Recovering network topology and dynamics via sequence characterization
This addresses the challenge of understanding complex systems from limited sequence data, though it is incremental as it builds on existing co-occurrence methods.
The paper tackles the problem of recovering hidden network topology and agent dynamics from observed sequences, achieving 87% accuracy in classifying 16 combinations of topology and dynamics using sequences with less than 40% of nodes visited.
Sequences arise in many real-world scenarios; thus, identifying the mechanisms behind symbol generation is essential to understanding many complex systems. This paper analyzes sequences generated by agents walking on a networked topology.

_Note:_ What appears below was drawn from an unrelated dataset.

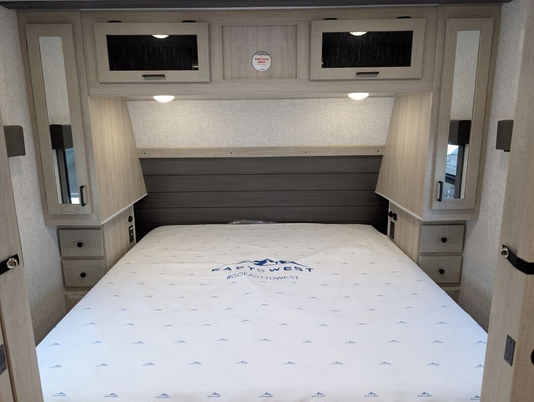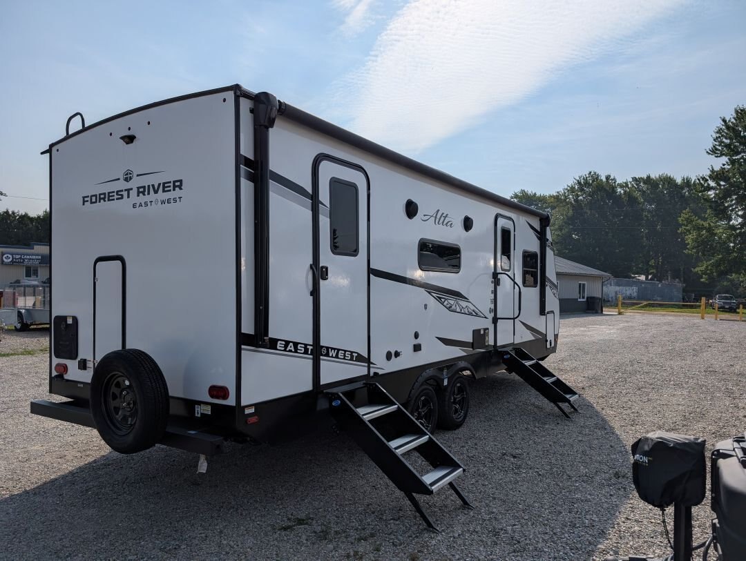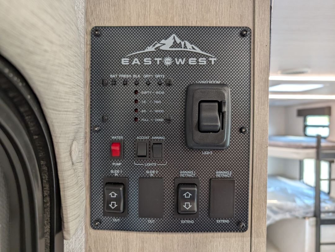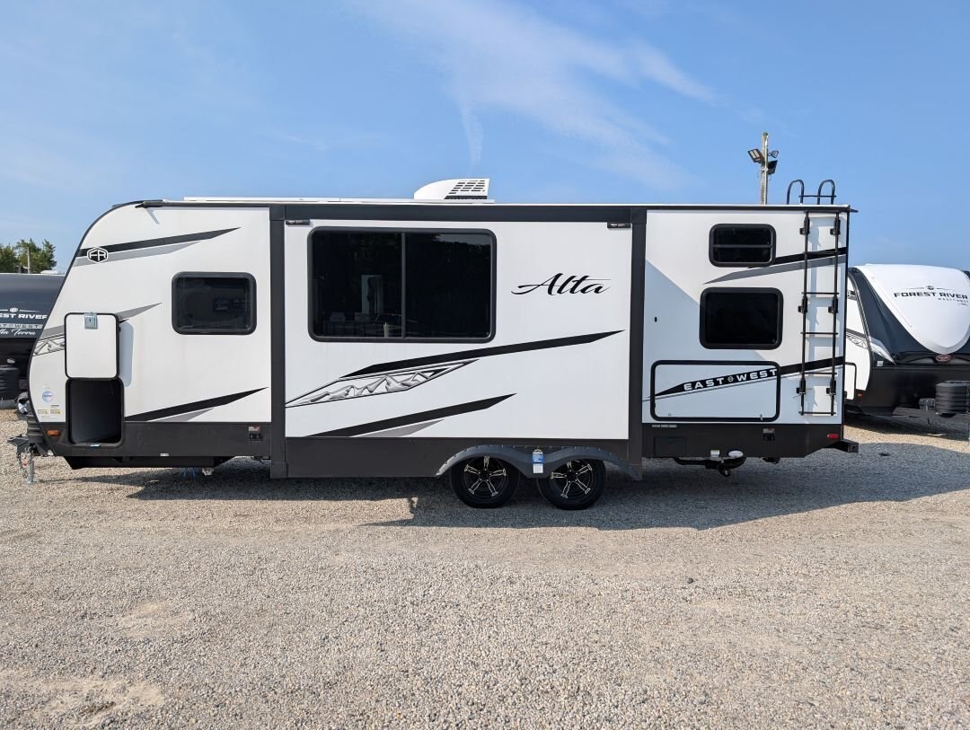 REG: $55,995 SALE: $49,995 The 2025 East to West Alta 2475KBH is a premium bunkhouse travel trailer designed for family comfort, durability, and all-season travel. With double bunks, plenty of storage, a king bed, upscale interior finishes, and robust construction, it’s an excellent choice for longer excursions, family camping, or full-time RVing. Financing available for as low as $106/week OAC. Specs: • Sleeps: Up to 7 people • Slideouts: 1 large slide • Length: 29 ft 5 in • Width: 8 ft • Height: 11 ft 2 in • DRY WEIGHT: ~6,378 lbs • CCC: ~3,267 lbs • Hitch Weight: ~845 lbs • Fresh Water: 53 gal • Gray Water: 60 gal • Black Water: 30 gal Options & Features: • 35,000 BTU Furnace • 15,000 BTU ducted A/C • 200W roof-mounted solar panel \ 30A controller • King-size bed • Double-size rear bunks • Booth dinette converts to bed • 10.7 cu ft 12V fridge • 3-burner cooktop with oven • Solid surface countertops • USB/USB-C charging stations • Full rear bath • ABS shower surround • Porcelain foot-flush toilet • Skylight • 81\'\' interior height • LED lighting (dimmable) • Black roller shades • Oversized windows • Enclosed & heated underbelly • 21 ft power awning with LED lights • Dual entry doors • Slam-latch pass-through storage • Power stabilizer & tongue jacks • Backup camera prep • Marine-grade speakers • Luxe Décor Package • USB/USB-C at beds & dinette • Under-seat storage in dinette • High-end finishes throughout Extras: • 40” LED TV • Goodyear tire upgrade • Kayak side-access door • West Coast Power Package • MorRyde solid steps

Given that in many real scenarios, the underlying processes generating the sequence is hidden, we investigate whether the reconstruction of the network via the co-occurrence method is useful to recover both the network topology and agent dynamics generating sequences. We found that the characterization of reconstructed networks provides valuable information regarding the process and topology used to create the sequences. In a machine learning approach considering 16 combinations of network topology and agent dynamics as classes, we obtained an accuracy of 87% with sequences generated with less than 40% of nodes visited. Larger sequences turned out to generate improved machine learning models. Our findings suggest that the proposed methodology could be extended to classify sequences and understand the mechanisms behind sequence generation.